Today I’m wrestling with a flu bug, and so far it’s winning. I sat down here and couldn’t think of a thing to write about – I’ve been pretty pensive about some personal things and I think it’s sucking up most of my brain power, but I’m not really ready to publicly disclose them so instead I was wading through the vast ocean of the internet (it’s called procrastinating, in case you were wondering) in the hopes of finding some inspiration, but I’m still coming up short.  So, welcome to my probably rambling, possibly boring, January 14th post.

Some updates, for those who were wondering: Firstly, The Catastrophic Death Storm of 2011 (which, by the way, amounted to nothing) has gone on it’s merry way and the temperature has risen slightly. The trade-off is that now it’s raining and it’ll go on for days. I don’t really like the rain. Way to go on the move to the Pacific Northwest, AJ. That was a solid decision (as are most in my life). Secondly, we still haven’t found Mousey Mouse, but Lenny seems to be moving on, by which I mean he has all but taken over The Other Mouse from Carl. My plan is to search this apartment high and low this weekend, it has to be around here somewhere. Thirdly, I’m still fat and depressed and wrestling with both of those issues.
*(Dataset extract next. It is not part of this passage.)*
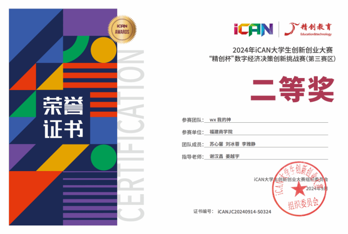近日,备受瞩目的2024年iCAN大学生创新创业大赛“精创杯”数字经济决策创新挑战赛圆满落幕。此次大赛由iCAN大学生创新创业大赛组织委员会主办,吸引了来自全国众多高等学府的精英团队参与。必赢3003no1线路检测中心必赢3003no1线路检测中心派出多支队伍参赛,经过激烈的角逐,最终取得了三个二等奖和一个三等奖的优异成绩。

Speaking of working on issues, I emailed back and forth with a good friend today and realized how much I miss him. I don’t have a lot of friends, generally, because I suck at being one. I abhor the phone so I can’t be relied upon to call anyone. I’m uncomfortable, generally, with sharing any personal information or feelings with people unless I’m related to them or I’ve known them for a really long time. I mean, I’ll share inappropriate amounts of what seems like personal information (um, see previous blog entries), but there’s a whole mountain of stuff inside here that not a lot of people have seen. So it was nice to chat (albeit electronically) about some things that have been sticking in my craw lately (what the fuck does that even mean? is it a bird thing?) and to not have to go into a lot of back story to explain my shit, because he already knows the back story. Plus he’s wicked funny and made me laugh a lot. Which, you know, my boss appreciates because it makes me seem like I’m working really hard.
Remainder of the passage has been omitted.